Футбол футболом, лето летом, зима зимой – а вот уже и десятый класс. Столица, студенчество. И головные уборы исчезли из Пашиного гардероба. Осталась только лыжная шапочка в кармане куртки, которая изредка натягивалась на лохматую голову, да и то, когда приходилось шататься пешком по столице и было жалко пятака на метро или этот пятак был добавлен к пятиалтынному на последнюю кружку пива в «Яме».

А через пять лет вместе с доменным цехом в его жизнь вошла защитная каска и шляпа горнового. Шляпа – полуметровый круг из войлока с углублением посредине, поля которой подгибаются как кому вздумается: то в виде «сомбреро», то «лопушком», то «блином». Главное – чтобы прозрачный щиток не слетел с лица, когда идет «выпуск» чугуна (почти полторы тысячи градусов в полутора метрах от глаз). Без щитка и шляпы работать невозможно. Но и в них много не наработаешь: не зря горячий стаж отмерен в десять лет мужской жизни. И за эти десять лет под шляпой рождаются мысли, несвойственные обыкновенным людям.

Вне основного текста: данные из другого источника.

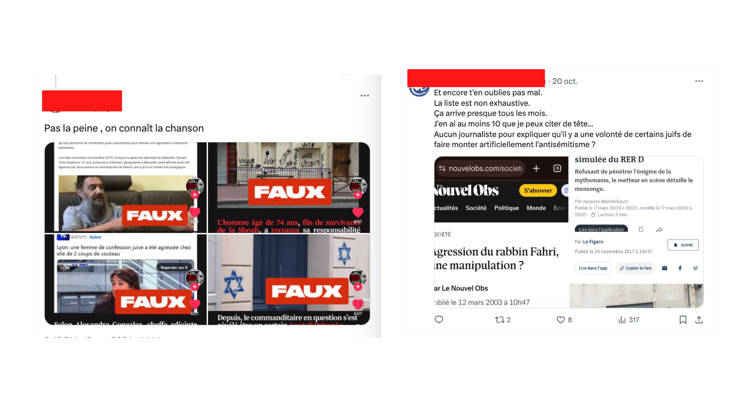 mais avec trois exemples cités sur quatre datant d'entre 10 et 20 ans. Surtout, l'internaute qui flirte avec le complotisme, oublie que dans la majorité des cas, ces histoires de faux témoignages relèvent de mobiles personnels et non politiques. Ce fut le cas, en juillet 2023 lorsque des tags antisémites inscrits sur la devanture d'un restaurant casher à Levallois-Perret avaient suscité une grande indignation politico-médiatique, avant que l'on apprenne que le propriétaire du local (lui-même juif) était à l'origine de ces tags à cause d'un différend commercial avec son locataire. Quelques mois plus tard, une quadragénaire inventait une agression antisémite pour cacher son addiction aux jeux d’argent. Des affaires qui rappellent un cas d'école vieux de vingt ans où une jeune femme avait inventé son agression antisémite dans le RER D. Si leur existence n'est absolument pas incompatible avec un antisémitisme bien réel et recrudescent, ces histoires participent à un climat de suspicion.
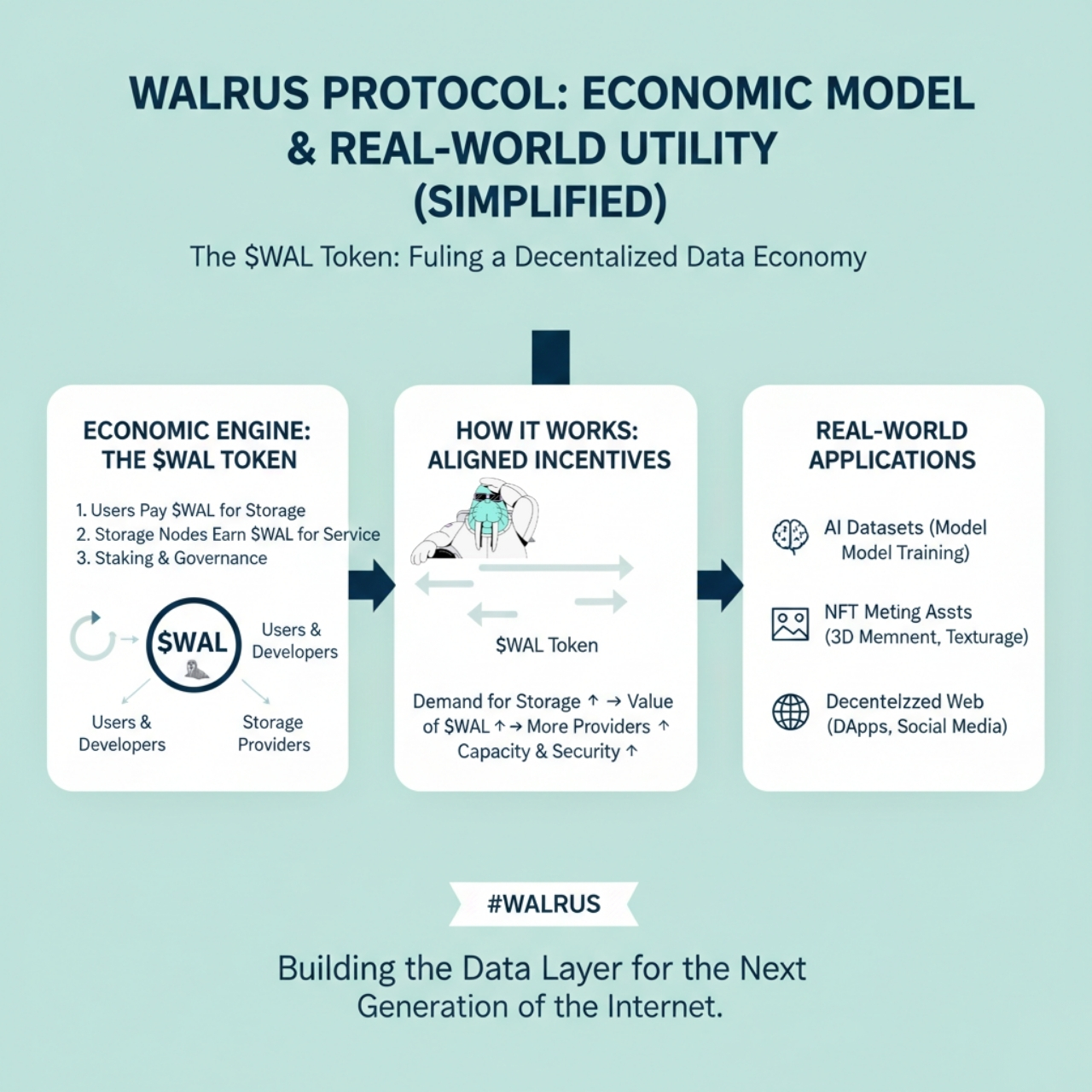 Cung cấp cho hệ sinh thái đổi mới này là $WAL token, đóng vai trò là động lực kinh tế cơ bản cho mạng lưới. Token được thiết kế để phù hợp với lợi ích của tất cả các bên tham gia, tạo ra một chu trình phát triển và bảo mật tự duy trì. Các nút lưu trữ được khuyến khích cung cấp phần cứng và băng thông chất lượng cao vì họ được thưởng bằng $WAL cho những đóng góp của mình. Đồng thời, người dùng và nhà phát triển sử dụng token để truy cập không gian lưu trữ và đảm bảo dữ liệu của họ có sẵn trên toàn mạng. Sự phù hợp kinh tế này đảm bảo rằng khi nhu cầu về lưu trữ tăng lên, mạng lưới tự nhiên mở rộng khả năng và bảo mật để đáp ứng nhu cầu đó.
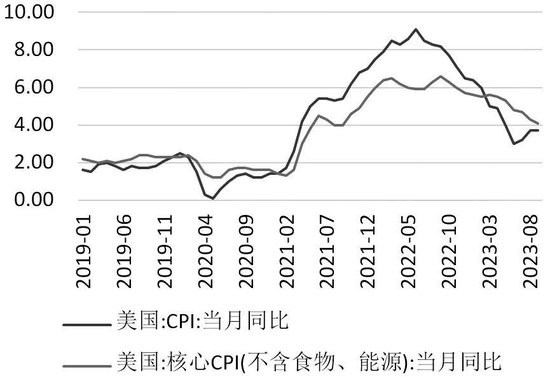 美国通胀依旧居高不下,存在再次上行的风险。美国通胀自去年6月从高位迅速回落,但今年6月以来又出现回升趋势,核心通胀指数降幅也趋缓。9月美国CPI同比增长3.7%,与8月持平,但较6月3%的阶段性低点回升0.7个百分点,去除食品、能源影响的核心CPI为4.1%,较8月的4.3%回落0.2个百分点。9月PCE数据未公布,8月PCE数据为3.5%,较前月上升0.2个百分点,核心PCE为3.9%,较前月下降0.3个百分点。前期通胀数据的大幅回落得益于疫情后全球供应链压力缓解和能源价格回落,但这些有利因素的影响正有所减弱,RJ/CRB商品价格指数10月13日为283.97,自6月以来小幅回升,原油价格在国庆假期回落后受中东地区冲突升级而涨势强劲。而由于工资增速较高,服务业相关分项又有进一步上行的风险。此外,虽然通胀预期或再次升温,但目前实际利率主要还是受当前美国良好的经济前景推动,下行的可能性较小。总体来说,由于通胀当前存在再次上行的风险,美联储货币政策将更加谨慎考虑转向宽松的时机。
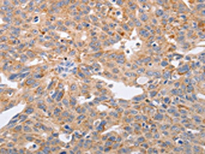 • The image on the left is immunohistochemistry of paraffin-embedded Human ovarian cancer tissue using CSB-PA559752(PPP1CB Antibody) at dilution 1/40, on the right is treated with fusion protein. (Original magnification: ×200)
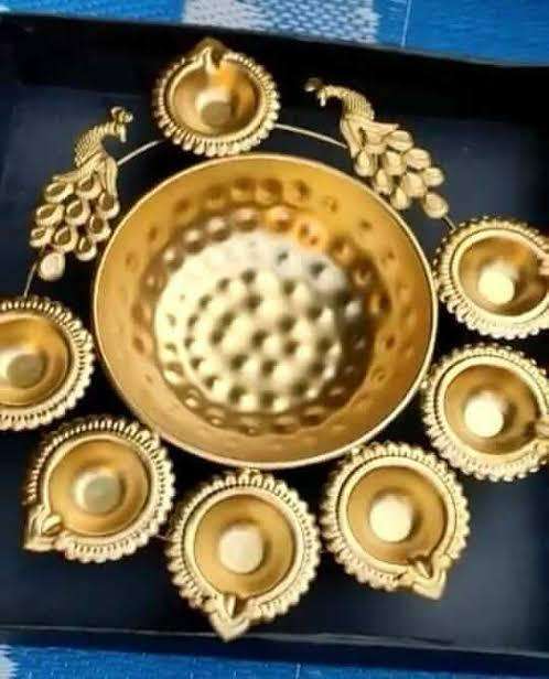 เครื่องประดับ Pooja ขายดีในแพคเกจชิ้นเดียวสำหรับบ้านและงานแต่งงานคำอธิษฐานศิลปะการตกแต่งอุตสาหกรรมด้วยทองเหลืองบริสุทธิ์

Слова «до смерти четыре шага» подходят к этой работе как нельзя точно. Каждую смену может случиться так, что ты попадёшь в ад на земле по своей ли, по чужой вине – неизвестно и неожиданно для всех и себя самого. Может лётку вырвать, а ты окажешься поблизости. Может - фурму с газом бабахнуть. Могут сверху с крана на тебя чугуняку уронить. А можешь и сам поскользнуться в своих войлочных чунях и в лоток влететь или в ковш. Тогда от тебя в течение пяти минут останется только запах. И пара свидетелей, что ты до какого-то времени был жив. И первым свидетелем будет крановщица, которой сверху всё видно. Да и вонь от тебя, бывшего, до неё первой дойдёт…

Каска – совсем другое дело. Она привилегия начальства. Во-первых, по цвету. Белая – от начальника смены и выше. Черная – у мастеров и газовщиков. Оранжевые, жёлтые, красные, синие – у рабочих, чтобы их в серных парах чугуна и взвеси графитовой пыли проще было различать. Подшлемник под каску тоже оказывался важен. Но он в Сибири, в сорокаградусный мороз не спасает. Ушанка надёжнее. Главное каску по размеру подобрать. Поэтому у нормального доменщика три каски: летний вариант, зимний и всесезонный – выходной, чистый, тот, в котором на выволочки в кабинет к начальнику принято ходить. Конечно, предварительно отерев лицо от графита. Чтобы тот отличил его от остальных чёрных лиц подчинённых.

Голова Паши от каждодневного мытья хозяйственным мылом и непривычных головных уборов за пятнадцать лет работы незаметно потеряла свой прежний волосяной покров и стала довольно отзывчивой к перепаду уличных температур. Она требовала очередного обновления, но всё не находила места и предмета, которого была достойна.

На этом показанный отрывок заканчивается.